I remember one day at about 9 or 10 years old. I stayed home from school while all my siblings went to school. I was a bit sick. Mommy dropped them off to school and came back home only to head straight to bed. I asked her later that day if she always slept after dropping us to school and the answer was yes. I have to admit, I thought that my mom was a bit lazy at that moment, but now that I have a family of my own I see just how wrong I was. So often I read comments online about how lazy stay at home mothers are, or about how easy they have life especially the ones who have maids and I really just want to scream at the commenters and say ‘’you have no idea what you are talking about’’, instead I will try to explain what they do not understand.
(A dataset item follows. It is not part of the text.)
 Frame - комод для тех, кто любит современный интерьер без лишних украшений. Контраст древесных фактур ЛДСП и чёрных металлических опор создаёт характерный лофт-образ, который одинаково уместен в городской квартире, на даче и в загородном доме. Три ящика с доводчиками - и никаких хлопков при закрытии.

My mother, who slept in the day and had a live-in maid who cooked and cleaned, was not lazy! First of all she had 5 kids, she took care of my grandmother who lived with us, my mentally challenged/autistic uncle who lived with us, and was very active in the lives of my grandparents who did not live with us. Over the years she adopted and cared for and helped 4 other orphan children (not for their entire lives but for a few years of their lives). She helped create and run two shelters, one for battered women and one for homeless people. For as long as I remember she has made about 300 hundred meals every Friday for vagrants as a form of charity. And at one point I remember she made about 300 meals every day for different charity organizations ALL for free. She started several businesses, most of which failed but one which succeeded and still runs to this day without much assistance from her and which makes a healthy profit and provides 5 people with jobs.
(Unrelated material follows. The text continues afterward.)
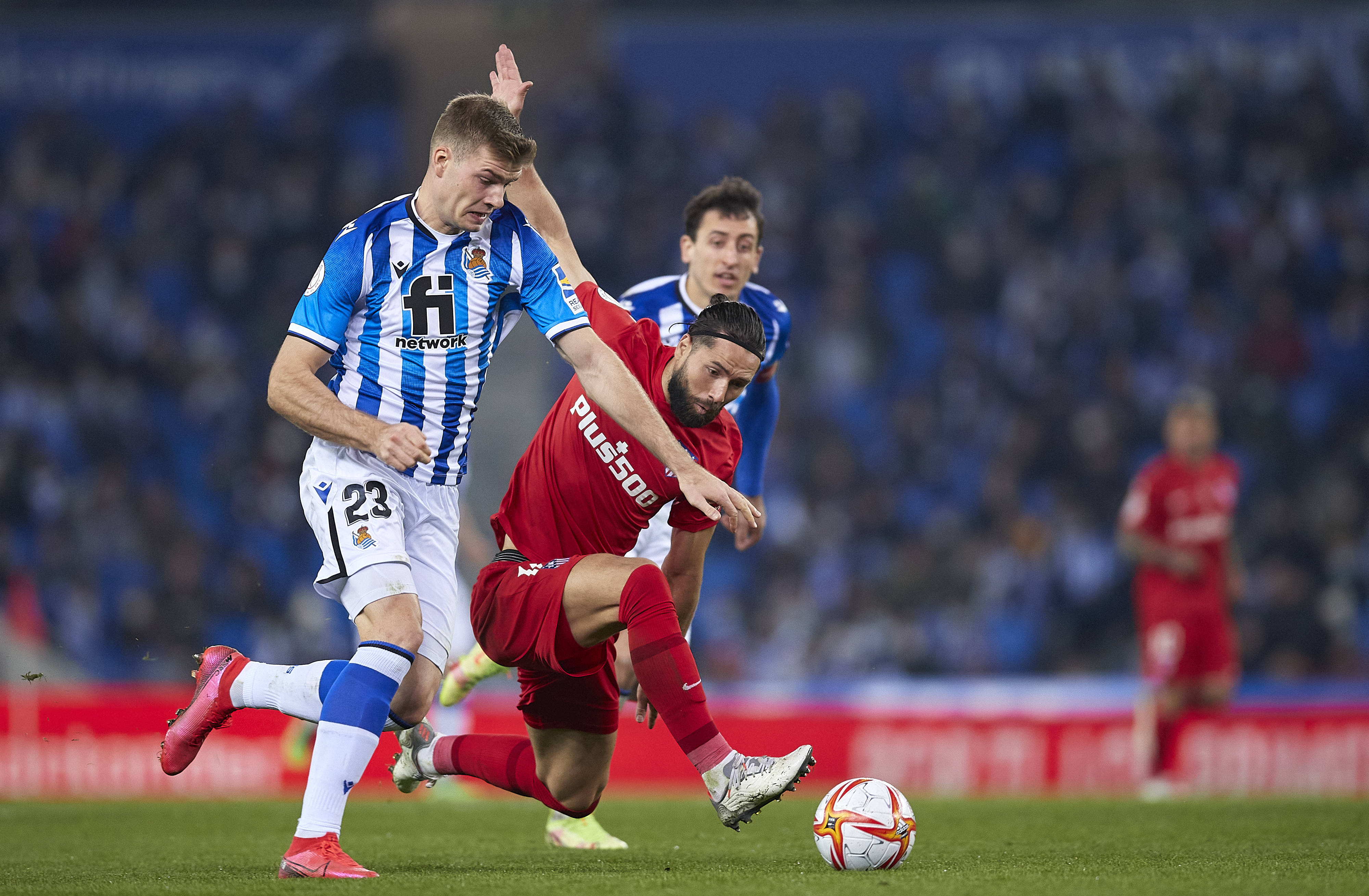 Y luego, después de un tiempo de aparente calma, marcó la Real. Un centro de Zaldua desde la derecha cruzó el área. Entró Januzaj al remate, chocaron Felipe, Vrsaljko y Correa en el intento de defender la acción y la pelota la remató el delantero para batir a Oblak. Un desastre en la zaga colchonera. Se ponían los jugadores de Imanol por delante, y con el consiguiente subidón anímico en una eliminatoria tan exigente.

She supported my father in the businesses which he ran, and supported us in growing up and becoming educated. She encouraged my father to invest in real estate that she searched for and did all the background work on. We were always property hunting and although my parents still both work, neither one of them have had to since due to property investment ever since my father was about 50 yrs. the landlord-salary they made has been much more than they could spend. My mother who could not read or write until after the age of 20, and who never actually went to school has 5 university educated children. One is doctor, one an engineer, one an actuary (one of the youngest worldwide), and the other two are housewives (me and my sister). My mother drove hours upon hours to drop us to the best schools and the best afterschool programs and lessons, she picked us up every day from school and was there to help me make sense of every adolescent problem that I had.
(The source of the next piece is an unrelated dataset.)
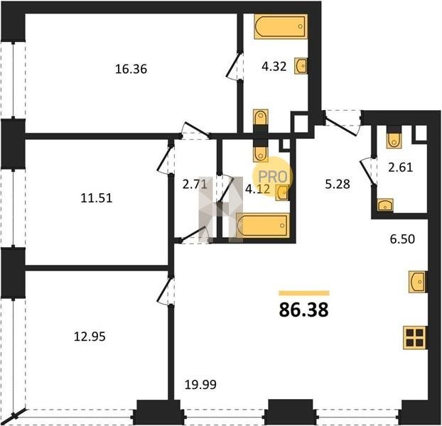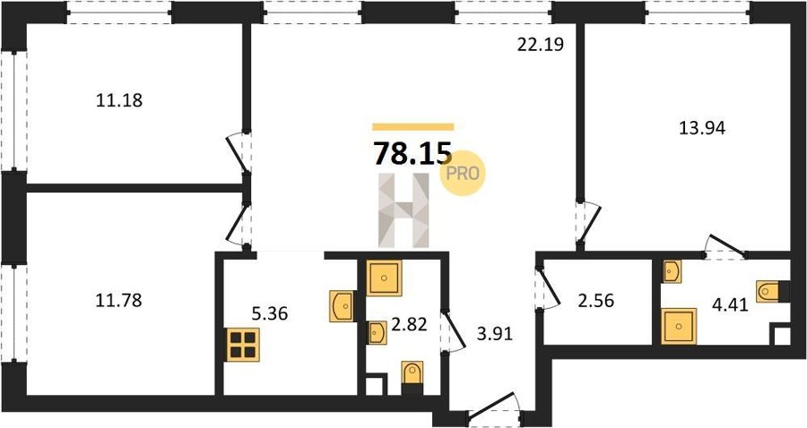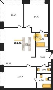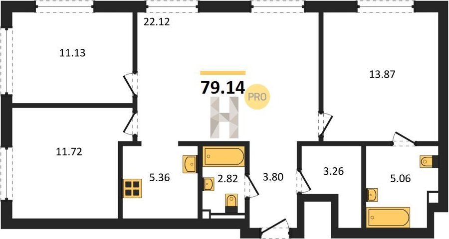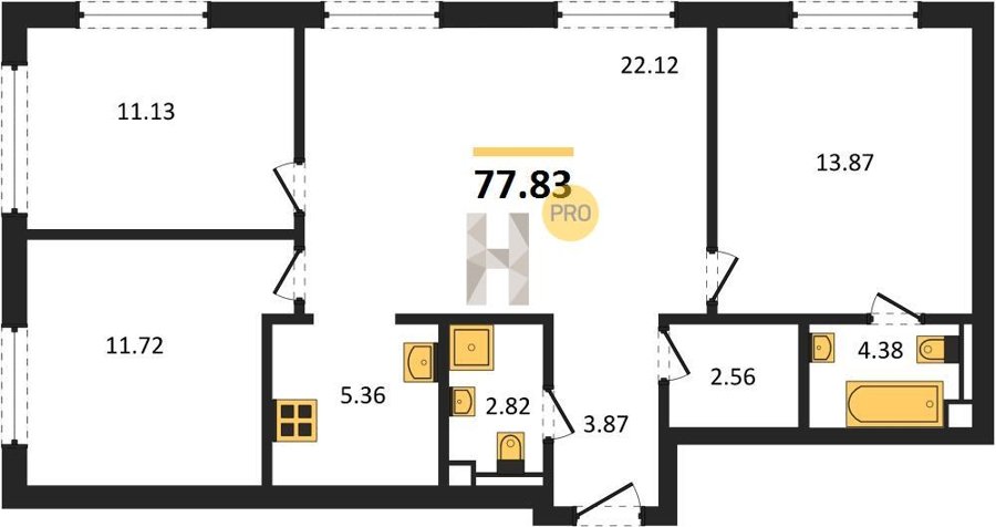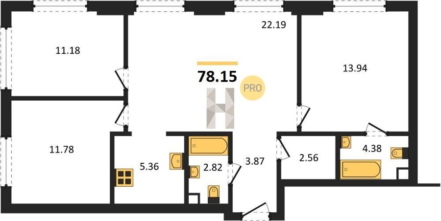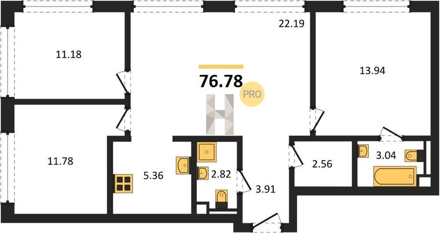 Площадь от 76.78 м2

She was there after school to help me make sense of the other girls who picked on me and to help me shape my world view. She was there to discuss religion and politics and to listen and discuss every idea and problem I had. When I realized that I absolutely hated the subjects I was doing in school and that I wanted to study science it was her who gave me the courage to take extra classes after school and negotiate/study my way into the science stream at school. I remember one day I came home from school in tears because my history teacher (who was a Rastafarian in religion) told us stories about slavery in some very graphic terms. I could not understand why ‘’evil’’ white people would do that; it was my mom who helped me sort out and make sense of that type of information. My mother had the time and energy to develop a relationship with each of her children and to this day I still talk to my mom and sisters every day. In university when I had boyfriend trouble, it was my mom who gave me the courage not to get back together with my first boyfriend (the best decision ever lol).
What I understand now, that I did not as a child, is that the type of care we got was impossible without a mom who slept in the day and had help around the house. The communication and being driven everywhere and bonding was not possible without her making time for us. The fact that we never cried it out as babies and the first time I slept on my own was at 14 years old. What I consider to be the best parts of my childhood were all not possible if my mother did not have the time and energy. So it is very annoying to hear that someone is lazy when they are a stay at home mother with hired help. They aren’t, they often just do other things with their time. They also are the best role models you can think of, because they teach their children that things in life are not only worth doing if they can get a salary or something for themselves out of it. They teach their children that free work is still necessary work, and that work and life does not need to be defined by money.
As a mother I have not done all that my mother has (I also do not have help with cleaning or cooking), but I do the best that I can and I think that is all anyone should be expected to do.